CS 519 Final Project Report

Internet Phone

Date: Dec. 4, 98

Name of Group : G1

Team members: Jing Deng, Rung-Hung Gau

Task: Accounting (#5)

We divide our project into four components, database, interface to other teams, security, billing, and pricing. We choose MS-Access in Windows 95/NT as our database and use the JDBC/ODBC Bridge so that we can use our Java codes to manipulate the database. When we handed in report 2, our Java codes could perform various database operations, such as query, read and write, using SQL. We are currently on schedule.

We next moved to implement the interface to other teams. We had a group meeting just after handing in report 2 and decided to use RMI to provide interfaces to other teams. Our program has to interact with programs of signaling team and directory team. We currently assume all calls can be classified into four categories. A call can be made from a phone to a phone or host. It can also be made from a host to a phone or host. We provide four corresponding classes in the package InternetPhoneEntry to maintain information about an Internet Phone call. We need signaling team to inform us whenever a call is initiated or terminated. We show the interfaces to signaling team in a Java interface, Accounting, and a Java class, AccountingImpl, which actually implements the above interface. We have two more Java classes to demonstrate our program. The class AccountingServer provides an RMI interface to the AccountingClient class, which mimics a simplified version of codes of signaling team. The AccountingClient class can obtain a stub from the AccountingServer and can perform remote method invoke to update our database.
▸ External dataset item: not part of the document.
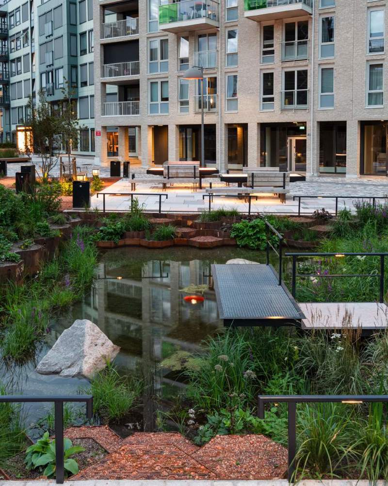 Plantekanter og damanlegg på Vollebekk torg er bygget opp av overskuddsmaterialer som spuntrør og takstein, påpeker juryen.
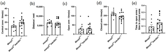 Next, we investigated whether mice harboring or showing the deletion of Mecp2 in the sensory neuron exhibit locomotor/exploratory activities and anxiety-like behavior. Mecp2fl/fl mice and Mecp2fl/flAdvillincre mice were firstly subjected to a 10 min open field test. There was no statistically significant difference in the time in the central zone (Figure 4a) and the overall distance traveled in the open field (Figure 4b) between mutant mice and wild-type mice. Then, an additional measurement of anxiety-like behavior, the elevated plus-maze, was tested in all mice. Consistent with the results of the open field test, Mecp2fl/fl mice and Mecp2fl/fl Advillincre mice had a similar time in both open and closed arms, and there was no significant difference in the ratio of time in open arms to time in closed arms (Figure 4c–e). It is known that mice with anxiety-like behavior spend less time exploring the center of the chamber and travel shorter distances in the open field test and spent less time in the open arms during the elevated plus-maze test as well [38]. These data indicate that the lack of Mecp2 in peripheral sensory neurons does not increase anxiety-like behavior in mice.

In order to obtain the identity of a customer, our program has to call program of directory team. We basically need two types of services from directory team. We like to know the identity of a customer, a caller or callee, given a phone number or a socket address. We also write a simplified program for directory service, named DirectoryServer, based on the codes provided by directory team. We test our program by running three classes, AccountingClient, AccountingServer, and DirectoryServer. First, the AccountingClient invokes a remote method, InformAccountingCallInit, in AccountingServer when a call is initiated. The method InformAccountingCallInit in turn invokes a remote method, GetNameByAddress, in DirectoryServer, to obtain the identity of a customer and updates the database accordingly. The AccountingClient also calls the AccountingServer when the above call is terminated. Then, the AccoutingServer runs a billing algorithm and updates the database.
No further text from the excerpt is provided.